James.P.MorganAugust 7, 2019 (Ezega.com) -- South Sudanese Ambassador to Ethiopia, the African Union (AU), and the United Nations Economic Commission for Africa (UNECA), Mr. James Pitia Morgan accused South Sudanese opposition leader Dr. Riek Machar of being negligent on the implementation of the peace agreement signed on September 12, 2018.

The accusation comes after parties to the South Sudan peace plan had agreed to delay the formation of a transitional government. However, according to the Ambassador, the South Sudan’s main rebel leader, Dr. Riek Manchar, refused to go back to Juba for security reasons.

In an exclusive interview with Ezega News, Ambassador James P. Morgan said his government has been actively engaged in implementing the peace accord reached on September 12, 2018.

“Dr. Riek Machar’s unwillingness to return back to South Sudan and participate in the peace process is the main obstacle to implementing the peace agreement,’ he said

“Unlike the rebel leaders lack of commitment, the South Sudan government has allocated a total of 100 Million US Dollars to facilitate the implementation of the peace agreement,’ the Ambassador further said.

According to Ambassador Morgan, the allocation of capital would maintain army demobilization that would require further expenses to provide basic necessities for the army prior to the formation of the national unity government that would make Riek Machar the first Vice President of South Sudan.

President Kiir, Dr. Machar and a handful of other groups inked the revitalized agreement on the resolution of the conflict in South Sudan (RARCSS) in September 12, 2018 that ended the civil war in the newest African country. The war started in 2013, soon after the founding of the country.

According to the agreement, a deadline of May 12, 2019, was set to provide ample time to form the structures of the new government. However, only 27 of the 59 tasks listed in the agreement have been completed. Seventeen of the 59 are still ongoing while 15 others are stalled, according to the Ambassador.

The implementation has been criticized by United Nations and other international actors as slow. The United States has expressed its concern through imposing sanctions that was highly criticized by the South Sudan leaders.

Ambassador Morgan in this regard said recent US sanctions on the war-ravaged young African nation encouraged rebels to refuse to implement the recently-signed peace agreement. The Ambassador pointed out that US arms embargo and targeted sanctions on South Sudan are the problems preventing peace from returning to the country.

The September 18, 2018 agreement followed a string of failed peace deals between the warring parties. However, the latest agreement has largely held so far, despite both parties missing key deadlines.

Following the unanimous agreement to extend the pre-transitional period by an additional six months, starting from May 12, 2019, the Troika report (from sponsors Norway, the United Kingdom, and the United States)), had warned Juba to ensure urgent formation of the transitional government so that elections can be held in March 2022. Released on April 30, 2019, the report then stated “The Agreement is at a critical juncture, with the scheduled date for the formation of the transitional government days away. The parties to the conflict and in the region need to redouble their efforts to move the peace process forward. To demonstrate political will, we urge the parties to work together in a spirit of compromise to build trust among South Sudanese leaders and the South Sudanese people.”
 
IGAD Special Envoy to South Sudan, Ambassador Ismail Wais on his part stressed his concern over the implementation of critical components of the peace agreement.
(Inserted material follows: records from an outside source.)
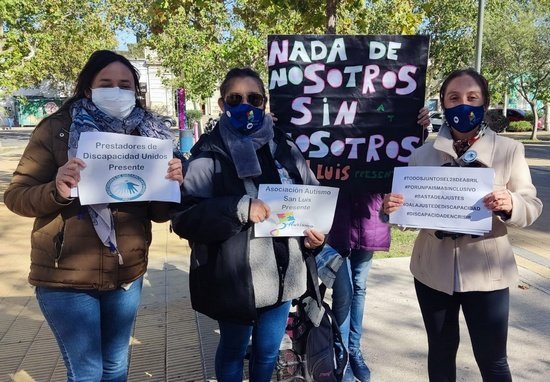 “Hay un proceso de aprobar una nueva ley, pero hay que leerla muy bien porque deja muchos espacios vacíos, especialmente en lo que respecta al transporte, que lo quieren pasar al Transporte, y lo que es las maestras especiales pasarlas a Educación. Nosotros no queremos eso, sabemos que Discapacidad precisa de las maestras de apoyo y del transporte específico de discapacidad”, manifestó Johana López, una de las mujeres que participó de la movilización que se realizó en San Luis.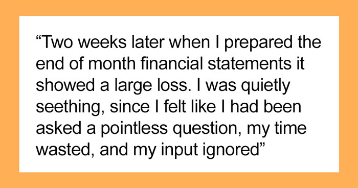 In the comments, the Redditor said that his input was actually quite valued and taken into consideration in the past when making very important decisions, so he resented his boss for a long time for not trusting him that time.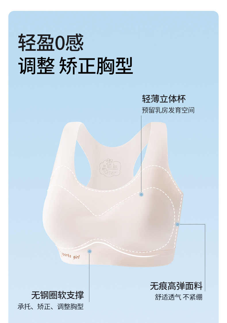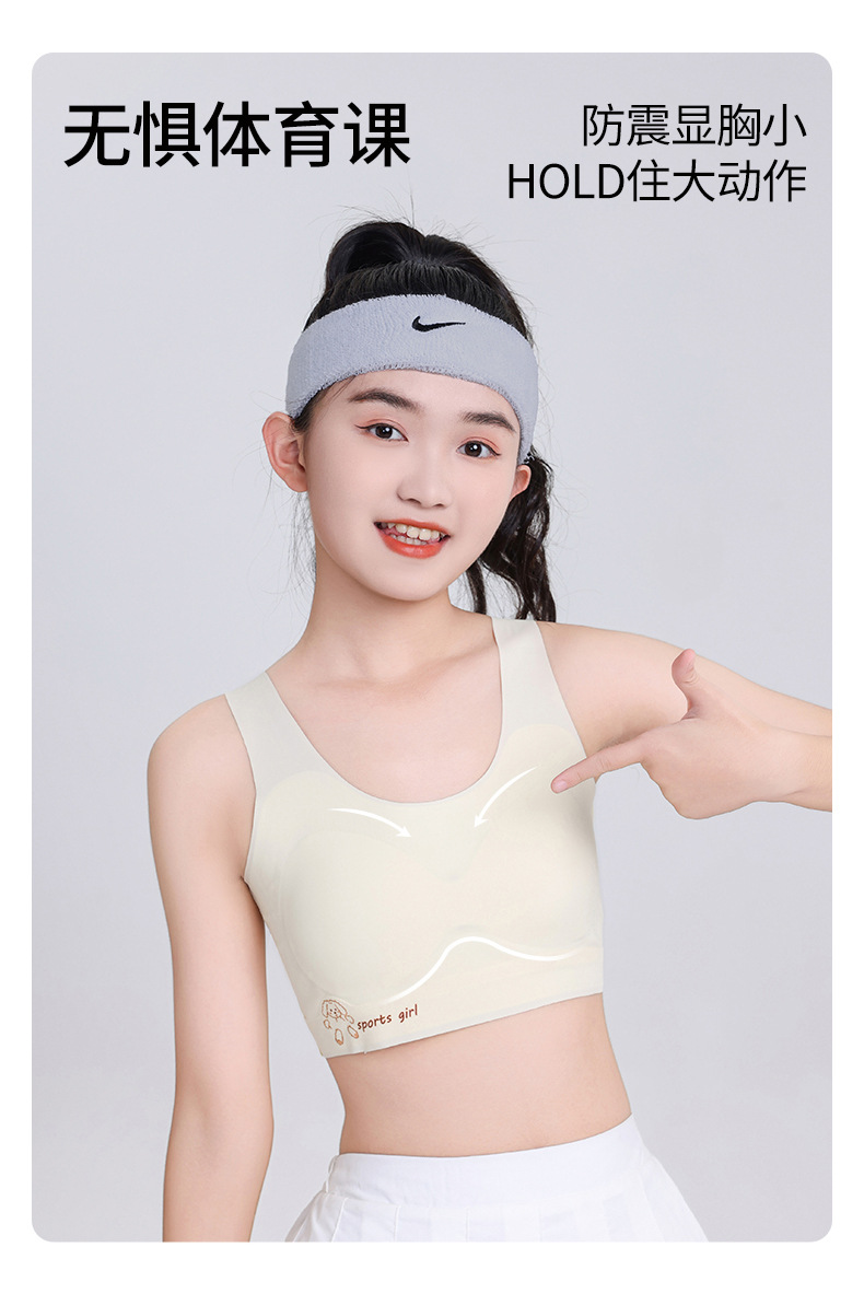 새로운 2 단계 중학교 학생 추적없는 소녀 브래지어 이동식 가슴 패드 I 자형 조끼 고등학교 학생 스포츠 속옷스토어 가기

The Special Envoy noted that the extension signed on the day the transitional government was supposed to have been installed means the chief principals, President Salva Kiir Mayardit and Riek Machar now have more time to iron out their differences. Ambassador Wais said the rescheduling will allow both parties to discuss sticking issues.

“The determination of the parties to continue to work in a spirit of cooperation and consensus was clear, and accordingly the extension that was agreed upon unanimously through compromise.”

“All Parties regard the peace process as the best chance for stability and ending the suffering of the people of South Sudan. This is welcome news as it allows the parties to accelerate the implementation of the pending tasks,” said Mr. Wais.

Special Envoy Wais also applauded most important actors like Ethiopia who played an important role in facilitating conditions towards the realization of the peace deal in South Sudan. Ambassador James Pitia Morgan echoed the special envoy’s sentiment and described Ethiopia as the leading country to host the reconciliation summits as Chair of IGAD (the Intergovernmental Authority on Development).

November 2019 is expected to be the marking point to form the Coalitional National Government of the Republic of South Sudan.